▽
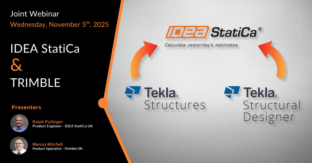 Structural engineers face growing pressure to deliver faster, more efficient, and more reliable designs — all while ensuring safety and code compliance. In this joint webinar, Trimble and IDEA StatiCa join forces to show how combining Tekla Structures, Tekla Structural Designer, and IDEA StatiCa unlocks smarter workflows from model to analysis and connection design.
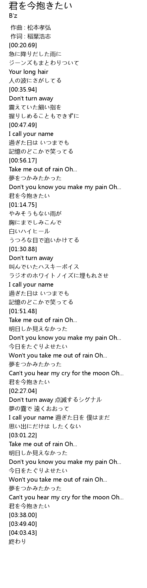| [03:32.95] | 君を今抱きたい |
△
▽
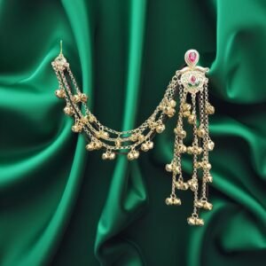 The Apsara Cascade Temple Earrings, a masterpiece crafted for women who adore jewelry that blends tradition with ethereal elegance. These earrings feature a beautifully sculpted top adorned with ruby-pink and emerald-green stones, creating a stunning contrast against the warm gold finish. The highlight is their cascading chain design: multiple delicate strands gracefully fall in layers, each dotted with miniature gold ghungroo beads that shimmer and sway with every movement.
△
▽
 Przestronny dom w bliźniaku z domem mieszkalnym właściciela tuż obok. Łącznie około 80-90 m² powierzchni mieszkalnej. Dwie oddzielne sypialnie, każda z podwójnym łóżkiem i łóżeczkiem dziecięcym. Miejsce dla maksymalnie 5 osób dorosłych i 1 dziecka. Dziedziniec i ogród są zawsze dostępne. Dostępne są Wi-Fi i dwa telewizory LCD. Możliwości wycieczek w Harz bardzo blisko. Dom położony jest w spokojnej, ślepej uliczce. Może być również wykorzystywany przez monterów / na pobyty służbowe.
△
[WORK TASK] Range to copy from the listing above: the line with "Structural engineers face" through the line with "[03:32.95] | 君を今抱きたい |". Transcribe it exactly and skip the pictures.

[YOUR RESPONSE]
 Structural engineers face growing pressure to deliver faster, more efficient, and more reliable designs — all while ensuring safety and code compliance. In this joint webinar, Trimble and IDEA StatiCa join forces to show how combining Tekla Structures, Tekla Structural Designer, and IDEA StatiCa unlocks smarter workflows from model to analysis and connection design.
| [03:32.95] | 君を今抱きたい |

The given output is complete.